再生可能エネルギー投資の枠を超えて: 世界的なエネルギー転換への投資
カリン・カイザー
欧州プライベート・マーケット責任者、
シュローダー・グリーンコート
- 世界のエネルギー転換には、風力発電や太陽光発電に加え、幅広い技術への投資が必要
- これらの技術は、炭素排出の削減と緩和を支援するだけでなく、再生可能エネルギーの導入と送電を可能に
- エネルギー転換に注力する投資家は、特定のリスクを軽減し、潜在的なアップサイドを最大化するために、資産、技術、機会を分散したポートフォリオを構築することが重要
世界がよりサステナブルな未来に向かうにつれ、世界的なエネルギー転換への投資はますます魅力的になっています。この重要なテーマにアクセスする最も確立された方法は、再生可能エネルギーによる発電、特に風力発電と太陽光発電資産への投資です。これらの資産は、実績があり、安定したキャッシュフローを提供するため、十分に分散されたポートフォリオの重要な構成要素として機能します。
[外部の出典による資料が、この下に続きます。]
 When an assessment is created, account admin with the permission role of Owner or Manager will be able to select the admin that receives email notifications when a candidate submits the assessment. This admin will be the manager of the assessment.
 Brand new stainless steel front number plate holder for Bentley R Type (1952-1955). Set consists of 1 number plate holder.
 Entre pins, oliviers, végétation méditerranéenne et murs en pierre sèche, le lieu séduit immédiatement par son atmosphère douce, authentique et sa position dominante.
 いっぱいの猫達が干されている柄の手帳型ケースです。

発電資産に加え、低炭素な世界経済への移行には、隣接する幅広い技術やインフラへの多額の投資が必要となります。具体的には、欧州連合(EU)が掲げる2050年までのネットゼロのような意欲的な目標を達成するためには、次世代エネルギー・ソリューションの進化を支え、低炭素の未来を実現するために、世界のエネルギー・インフラをアップグレードする技術の開発と導入が必要となります。
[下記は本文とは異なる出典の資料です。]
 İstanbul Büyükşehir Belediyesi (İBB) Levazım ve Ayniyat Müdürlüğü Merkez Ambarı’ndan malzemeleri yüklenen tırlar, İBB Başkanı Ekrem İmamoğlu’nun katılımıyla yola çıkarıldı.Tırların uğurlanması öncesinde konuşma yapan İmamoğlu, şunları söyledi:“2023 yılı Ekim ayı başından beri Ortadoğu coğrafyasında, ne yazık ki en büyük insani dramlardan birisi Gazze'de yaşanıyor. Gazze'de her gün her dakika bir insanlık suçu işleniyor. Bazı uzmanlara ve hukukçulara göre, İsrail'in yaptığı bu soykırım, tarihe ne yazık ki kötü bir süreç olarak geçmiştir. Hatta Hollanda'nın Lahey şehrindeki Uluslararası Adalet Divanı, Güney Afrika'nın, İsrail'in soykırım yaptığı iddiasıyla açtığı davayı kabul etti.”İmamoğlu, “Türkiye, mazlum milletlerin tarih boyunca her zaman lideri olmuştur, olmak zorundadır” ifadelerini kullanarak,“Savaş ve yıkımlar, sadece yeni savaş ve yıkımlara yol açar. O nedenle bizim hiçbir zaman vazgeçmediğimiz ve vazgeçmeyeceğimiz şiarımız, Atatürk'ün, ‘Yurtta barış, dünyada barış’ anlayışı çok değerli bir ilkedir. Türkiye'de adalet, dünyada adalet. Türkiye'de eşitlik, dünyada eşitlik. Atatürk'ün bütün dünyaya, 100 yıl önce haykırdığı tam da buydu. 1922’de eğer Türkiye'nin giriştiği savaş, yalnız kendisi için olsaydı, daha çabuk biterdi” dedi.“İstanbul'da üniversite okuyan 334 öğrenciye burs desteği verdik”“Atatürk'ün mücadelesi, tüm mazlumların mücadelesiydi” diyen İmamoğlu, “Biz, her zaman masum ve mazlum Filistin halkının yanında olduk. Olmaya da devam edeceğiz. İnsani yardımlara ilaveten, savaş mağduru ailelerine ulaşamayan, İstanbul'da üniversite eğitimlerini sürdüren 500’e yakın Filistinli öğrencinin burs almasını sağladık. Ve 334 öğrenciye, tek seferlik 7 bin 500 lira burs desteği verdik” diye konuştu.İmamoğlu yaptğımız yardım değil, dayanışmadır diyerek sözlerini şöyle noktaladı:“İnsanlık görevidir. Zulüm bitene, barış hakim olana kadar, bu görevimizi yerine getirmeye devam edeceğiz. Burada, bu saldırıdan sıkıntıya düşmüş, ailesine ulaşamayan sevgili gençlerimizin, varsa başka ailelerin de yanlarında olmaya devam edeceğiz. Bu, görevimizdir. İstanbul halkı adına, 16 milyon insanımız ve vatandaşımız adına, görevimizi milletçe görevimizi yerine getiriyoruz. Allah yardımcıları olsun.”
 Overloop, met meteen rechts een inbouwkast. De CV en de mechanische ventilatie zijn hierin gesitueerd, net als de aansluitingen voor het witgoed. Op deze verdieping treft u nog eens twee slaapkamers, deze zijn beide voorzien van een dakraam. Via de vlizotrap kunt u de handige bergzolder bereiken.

本稿では、エネルギー転換期を活かそうとするインフラストラクチャーの投資家向けに、広範な技術とポートフォリオ構築における役割に焦点を当て、投資機会の包括的な概要を提供することを目的としています。
次世代エネルギー・ソリューション
1. 蓄電池の強化: 再生可能エネルギーをサポートするシステムの拡充
蓄電池インフラへの投資は、送電網の柔軟性、信頼性、そして従来型エネルギー源と比較した発電容量の不安定性に関する批判に直面する再生可能エネルギー源の幅広い導入において、重要な役割を果たすことが期待されています。
蓄電池システムは、単に再生可能エネルギーの電力を短期的に貯蔵するだけでなく、電力系統に補助的なサービスを提供することで、電力系統の安定性とバランスを保つための重要な資産としての役割を果たします(次ページの図を参照)。再生可能エネルギーによる発電が拡大するにつれ、併設型と独立型の両方の蓄電池プロジェクトに投資機会が広がっています。
併設型プロジェクトでは、風力発電所や太陽光発電所などの再生可能エネルギー発電資産と蓄電池を併設して設置します。このようなプロジェクトは、需要が少ない時期や発電量が多い時期に余剰電力を貯蔵することで、再生可能エネルギーの価値を高めます。需要が増加したり発電量が減少したりすると、貯蔵された電力を送電網に放出できるため、送電網の運用を安定させ、収益の可能性を最大化するのに役立ちます。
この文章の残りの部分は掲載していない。